I am experiencing some strange effects for my kernel function:
/*
* Matrix A = M x N, B = N x K, C = M x K => OUT = M x K
*/
__global__ void wmma_matrix_mult_bColMajor(int N, int K, const half *a, const half *b, half *out) {
// Declare the fragments
wmma::fragment<wmma::matrix_a, TENSOR_SIZE, TENSOR_SIZE, TENSOR_SIZE, half, wmma::row_major> a_frag;
wmma::fragment<wmma::matrix_b, TENSOR_SIZE, TENSOR_SIZE, TENSOR_SIZE, half, wmma::col_major> b_frag;
wmma::fragment<wmma::accumulator, TENSOR_SIZE, TENSOR_SIZE, TENSOR_SIZE, half> c_frag;
const int outRowFragmentIdx = blockIdx.x / (K / TENSOR_SIZE);
const int outColFragmentIdx = blockIdx.x % (K / TENSOR_SIZE);
const int fragmentsToSum = N / TENSOR_SIZE;
// Initialize the output to zero
wmma::fill_fragment(c_frag, 0.0f);
for (int i = 0; i < fragmentsToSum; ++i) {
const int aRowFragmentIdx = outRowFragmentIdx;
const int aColFragmentIdx = i;
const int bRowFragmentIdx = i;
const int bColFragmentIdx = outColFragmentIdx;
// Load the inputs
wmma::load_matrix_sync(a_frag, &a[aRowFragmentIdx * TENSOR_SIZE * N + aColFragmentIdx * TENSOR_SIZE], N);
wmma::load_matrix_sync(b_frag, &b[bColFragmentIdx * TENSOR_SIZE * N + bRowFragmentIdx * TENSOR_SIZE], N);
// Perform the matrix multiplication
wmma::mma_sync(c_frag, a_frag, b_frag, c_frag);
}
// Store the output
wmma::store_matrix_sync(&out[outRowFragmentIdx * TENSOR_SIZE * K + outColFragmentIdx * TENSOR_SIZE], c_frag, K, wmma::mem_row_major);
}
This multiplies two matrices A and B (both dimensions have to be multiple of 16).

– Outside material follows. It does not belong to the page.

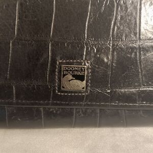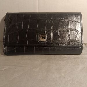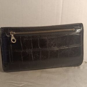 Vintage Dooney and Bourke Black Croc Embossed Leather Tri-fold Wallet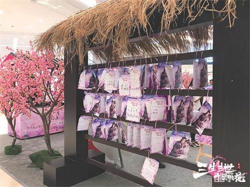 除此之外,“桃花节”各个环节都好不热闹!在盛典中,包括白浅、夜华、凤九、东华帝君在内的游戏伙伴均已成功“穿越”至现场还原的“十里桃林”,仙友每日都能与他们尽情互动,合影、玩游戏等。在“十里桃林”桃花树下的三生石旁,仙友们还能领取“祈愿牌”,写上自己的祝福与心愿,在一众上神的帮助下用“红绳”栓在“桃花树”上,祈福姻缘顺利、家人健康、事业进步。

The function works for example with sizes up to 16x80 multiplied with 3600x80.
But for 16x80 multiplied with 15376x80 and run via compute-sanitizer ./main
I get 37 errors like this:
Invalid global write of size 4 bytes
========= at 0x1270 in kernels.h:110:wmma_matrix_mult_bColMajor(int,int,__half const *,__half const ,__half)
========= by thread (191,0,0) in block (1945,0,0)
========= Address 0x7f3a269259cc is out of bounds
========= Saved host backtrace up to driver entry point at kernel launch time
========= Host Frame:cuLaunchKernel [0x7f3a5eb355d8]
========= in /usr/lib/x86_64-linux-gnu/libcuda.so.1
========= Host Frame: [0x55ad63c962cb]
With 16x80 multiplied with 63504x80 I get 25 of those errors.
I am wondering how can this be caused by my code because I don’t write any memory - the wmma functions do. And 4 bytes sound similar to the 4x4 matrix multiplications the Tensor Cores are doing internally?
Anyone here who knows how I can get more detailed debug messages or even knows why this happens?
Any hints / tips are greatly appreciated.